Quantum physicists enjoy explaining everything in terms of particles and so propose that cosmic expansion was driven by inflatons – indeed an inflaton scalar field, which is what underwent the phase transition mentioned earlier, reducing to a lower (almost zero energy state) and as a consequence releasing gargantuan amounts of energy, which becomes the current energy-mass content of the universe – being all that heat and light and stars and galaxies and stuff.

As well as inflatons, other exotic – and as yet undetected – particles such as the Higgs boson are thought to appear in this epoch. There is some anticipation that the Large Hadron Collider will be able to perhaps identify the Higgs boson.

Ten to the power of minus 32 seconds – the desert epoch

There’s bit of as pause immediately after the end of inflation when the energy density of the universe is still too high for anything new to form out of it, although it is still expanding and hence also cooling. If you want make a coffee or something, this is a good time to do that.

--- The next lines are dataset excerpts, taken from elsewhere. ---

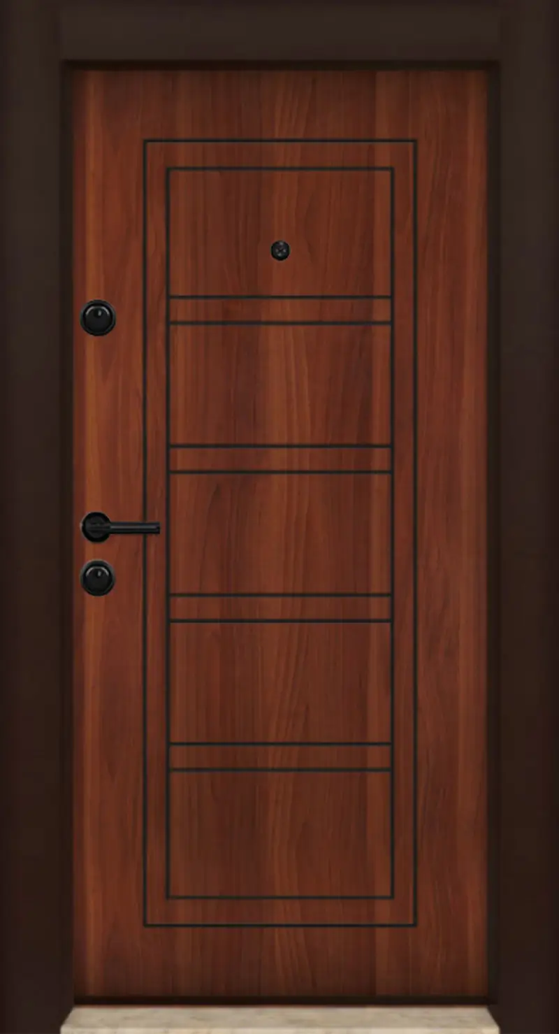 Стоманена входна врата с модерен металик орехов дизайн, висока устойчивост и подсилена защита против взлом. Подходяща за жилищни входове, като осигурява отлична изолация и стилна визия.
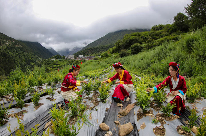 2022年,安徽省援藏工作隊在勒布溝引入莓茶種植,試驗性種植30畝。這是當?shù)卮迕裨诓烧瑁?023年7月28日攝)。新華社記者 旦增尼瑪曲珠 攝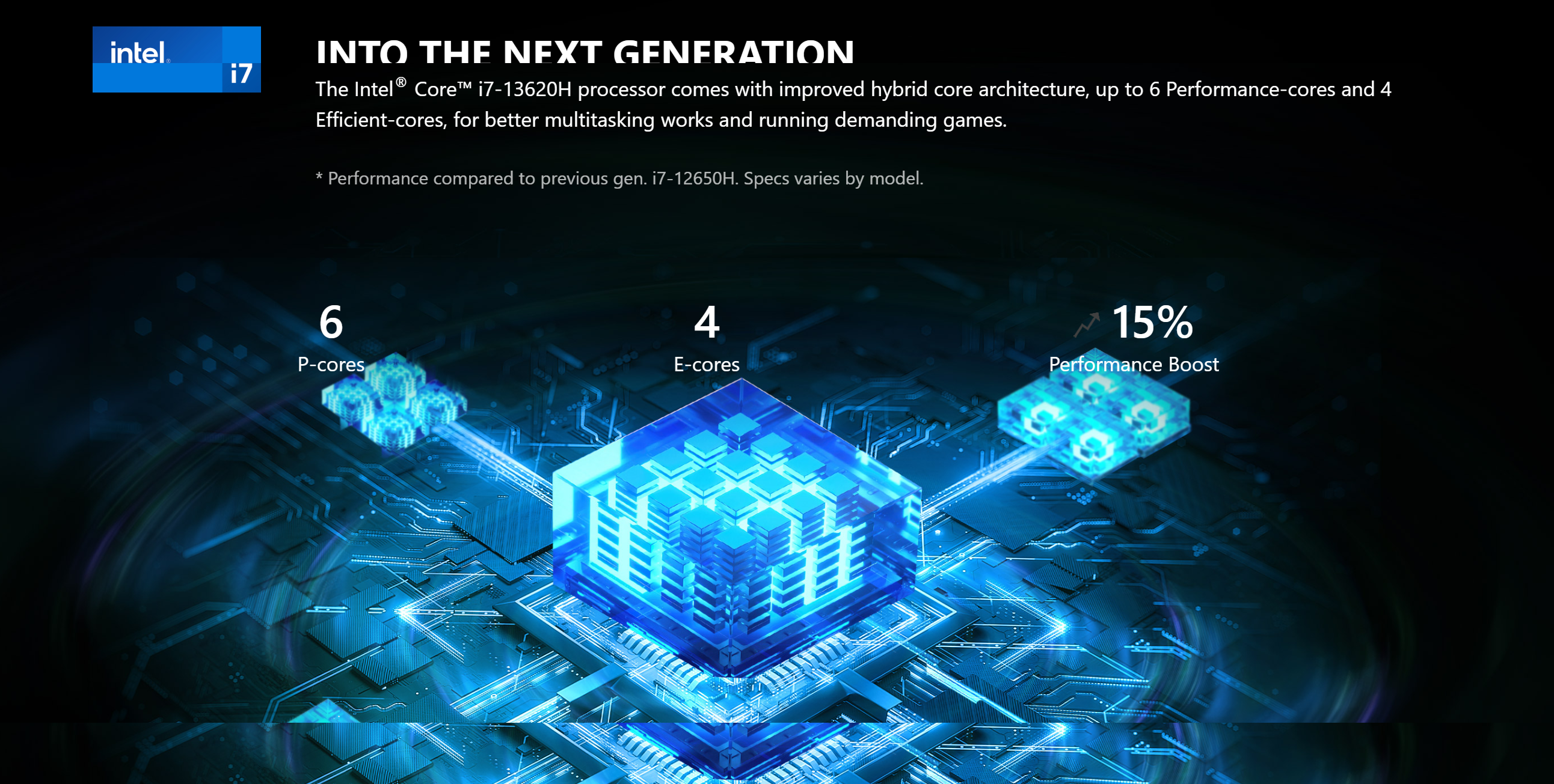 Intel® Core™ i5-13420H Processor 2.1 GHz (12MB Cache, up to 4.6 GHz, 8 cores, 12 Threads) |

Ten to the power of minus 12 seconds – the quark epoch

From here we begin to move into the better understood territory of a primeval universe composed of particles that can be recreated in today’s particle accelerators.

Needless to say, in the quark epoch, there are lots of quarks – as well as some leptons (like electrons and neutrinos), gluons (which mediate the strong force), w and z bosons (which mediate the weak force) and photons (which mediate the electromagnetic force). Essentially everything that builds our current universe had come into existence, but the universe was still too hot and dense and all these particles are in a state of constant interaction and thermal equilibrium. But remember, the universe is still expanding and cooling – so…

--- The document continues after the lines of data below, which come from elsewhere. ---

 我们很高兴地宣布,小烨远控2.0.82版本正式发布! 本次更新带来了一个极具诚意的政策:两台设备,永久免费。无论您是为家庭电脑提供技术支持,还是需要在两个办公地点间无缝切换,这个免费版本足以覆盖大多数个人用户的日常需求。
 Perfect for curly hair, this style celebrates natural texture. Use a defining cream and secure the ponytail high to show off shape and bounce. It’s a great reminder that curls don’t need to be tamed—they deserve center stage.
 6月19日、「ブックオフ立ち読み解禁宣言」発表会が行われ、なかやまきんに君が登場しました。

Ten to the power of minus 6 seconds – the hadron epoch

Suddenly the universe is cool enough for neutrinos to decouple from the rest of the interacting plasma and begin to move freely through the universe at almost the speed of light, which is what they proceed to do – creating the, as yet undetected, cosmic neutrino background.

Also, it is cool enough for hadrons to begin to form from quarks by becoming bound together by gluons (which mediate the strong force). However, most of them don’t last long as roughly equal numbers of hadrons and anti-hadrons form and begin to annihilate each other, by the end of which, only a small residue of hadrons, including some familiar protons and neutrons, remain.

And that is the first second (exhale).

Thanks for listening. This is Steve Nerlich from Cheap Astronomy, Cheap Astronomy offers an educational website where cheapness is a cosmological constant. No ads, no profit, just good science. Bye.